Using the data below, output a verbatim copy of the lines between the one holding "Cotton Paradise Bath" and the one holding "Rhodium-Plated Stainless Steel", inclusive, without any pictures.

__LISTED RECORDS__.
--- START ---

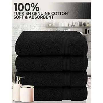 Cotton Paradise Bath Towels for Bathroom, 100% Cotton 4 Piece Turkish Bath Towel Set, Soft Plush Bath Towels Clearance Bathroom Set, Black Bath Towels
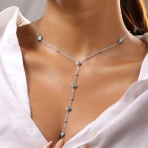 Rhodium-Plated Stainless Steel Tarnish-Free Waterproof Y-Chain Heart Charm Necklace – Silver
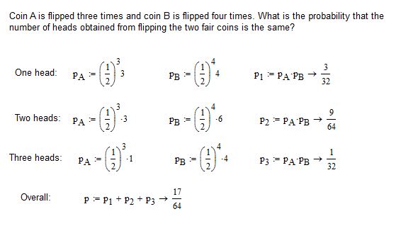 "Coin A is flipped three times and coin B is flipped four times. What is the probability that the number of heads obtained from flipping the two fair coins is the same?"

--- END ---
--- START ---

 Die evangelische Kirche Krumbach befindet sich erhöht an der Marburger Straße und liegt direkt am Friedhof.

--- END ---

__RESPONSE TO THE TASK__.
 Cotton Paradise Bath Towels for Bathroom, 100% Cotton 4 Piece Turkish Bath Towel Set, Soft Plush Bath Towels Clearance Bathroom Set, Black Bath Towels
 Rhodium-Plated Stainless Steel Tarnish-Free Waterproof Y-Chain Heart Charm Necklace – Silver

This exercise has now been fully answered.